Published by New York State Law Reporting Bureau pursuant to Judiciary Law § 431.
This opinion is uncorrected and subject to revision before publication in the Official Reports.
PRESENT: SCUDDER, P.J., HURLBUTT, FAHEY, PERADOTTO, AND PINE, JJ.
It is hereby ORDERED that the order so appealed from is unanimously reversed on the law without costs and the petition is dismissed.
The Law Guardian appeals from an order suspending the child support obligation of petitioner father, who alleged in his petition that his two children, ages 14 and 17, have abandoned him. In granting the petition seeking that relief, Family Court determined that the children have refused to visit their father or to have any substantial contact with him, and the court further determined that respondent mother was indifferent with respect to the visitation of the children with their father.

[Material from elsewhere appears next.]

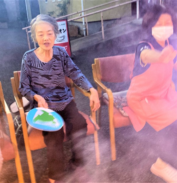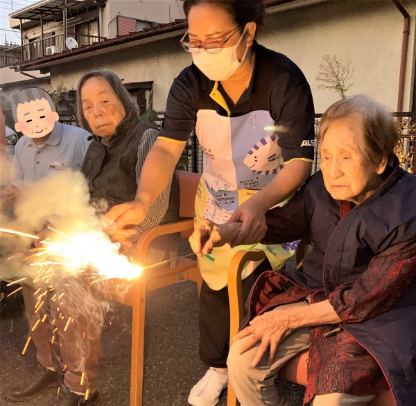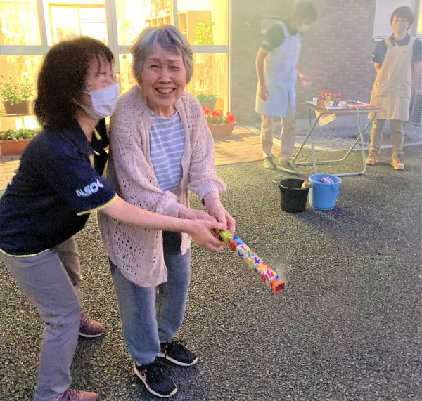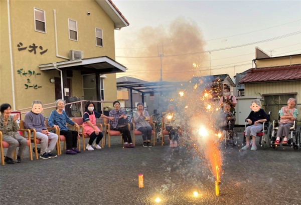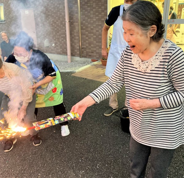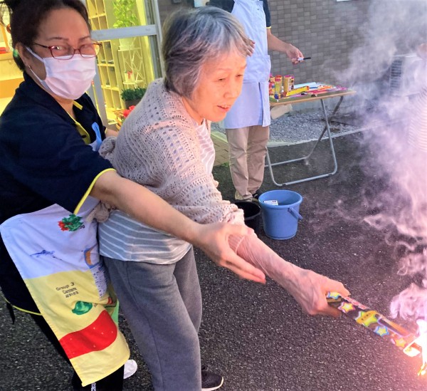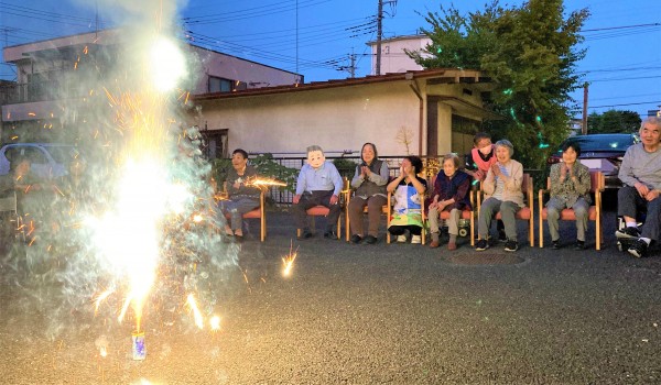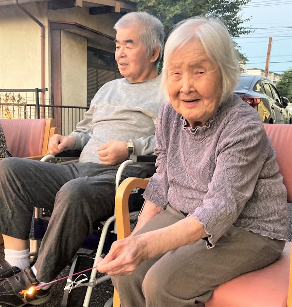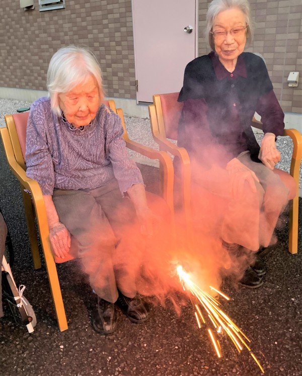 遅れて参加された最高齢98歳のW様も、締めの噴出花火が一番勢いに乗っているときに間に合いました。

It is well established that a " child of employable age, who actively abandons the non-custodial parent by refusing all contact and visitation, without cause, may be deemed to have forfeited his or her right to support' " (Matter of Chestara v Chestara, 47 AD3d 1046, 1047). Here, only one of the two children is of employable age (see Matter of Gottesman v Schiff, 239 AD2d 500; Matter of Ryan v Schmidt, 221 AD2d 449, 450), and thus the court erred as a matter of law in determining that the actions of the younger child constituted abandonment of her father (see Gottesman, 239 AD2d 500).

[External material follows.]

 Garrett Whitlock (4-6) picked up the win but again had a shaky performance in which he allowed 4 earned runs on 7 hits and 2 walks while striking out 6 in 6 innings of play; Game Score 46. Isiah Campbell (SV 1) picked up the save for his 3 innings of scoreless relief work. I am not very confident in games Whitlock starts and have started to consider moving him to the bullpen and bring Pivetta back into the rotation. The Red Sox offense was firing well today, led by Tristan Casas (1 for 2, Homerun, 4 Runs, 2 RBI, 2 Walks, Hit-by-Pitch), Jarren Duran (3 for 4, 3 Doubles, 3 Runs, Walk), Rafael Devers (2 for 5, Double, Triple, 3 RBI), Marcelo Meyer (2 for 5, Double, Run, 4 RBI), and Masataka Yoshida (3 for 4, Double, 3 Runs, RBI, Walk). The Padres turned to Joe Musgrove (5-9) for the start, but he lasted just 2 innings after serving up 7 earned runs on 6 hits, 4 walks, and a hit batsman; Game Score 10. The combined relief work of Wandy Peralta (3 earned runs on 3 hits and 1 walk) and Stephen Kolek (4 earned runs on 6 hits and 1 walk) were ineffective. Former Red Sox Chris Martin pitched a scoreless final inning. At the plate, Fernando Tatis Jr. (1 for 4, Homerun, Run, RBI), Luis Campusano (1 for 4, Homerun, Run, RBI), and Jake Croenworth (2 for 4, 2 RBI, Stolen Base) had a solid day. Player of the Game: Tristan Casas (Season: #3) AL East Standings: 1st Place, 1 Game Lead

We conclude with respect to the older child that the evidence fails to support the court's determination that she abandoned her father. The children, who reside in Florida, last visited their father in the summer of 2005. The father and the children had an argument on the final night of the visit, and the children stayed with a family friend who transported them to the airport the next day. The father testified at the hearing on the petition that he left one or two messages for the children on the answering machine at their home and that he called or sent text messages to them on their individual cellular telephones. The father further testified that the children failed to return his calls or to respond to his text messages. We conclude that the failure of the older child to contact her father "merely indicates that there was a reluctance on [her] part to contact him . . . A child's reluctance to see a parent is not abandonment, relieving the parent of any support obligation . . ., and a few telephone calls cannot be construed as a serious attempt to maintain a relationship with a child" (Radin v Radin, 209 AD2d 396; cf. Matter of Chamberlin v Chamberlin, 240 AD2d 908, 909-910; see generally Matter of Kinney v Simonds, 276 AD2d 882, 883-884).
We further conclude that the court erred in determining that the failure of the mother to encourage visitation warranted the suspension of the father's child support obligation. "Where the custodial parent's actions do not rise to the level of deliberate frustration' of the non-custodial parent's visitation rights, suspension or termination of support payments is not warranted" (Hiross v Hiross, 224 AD2d 662, 663).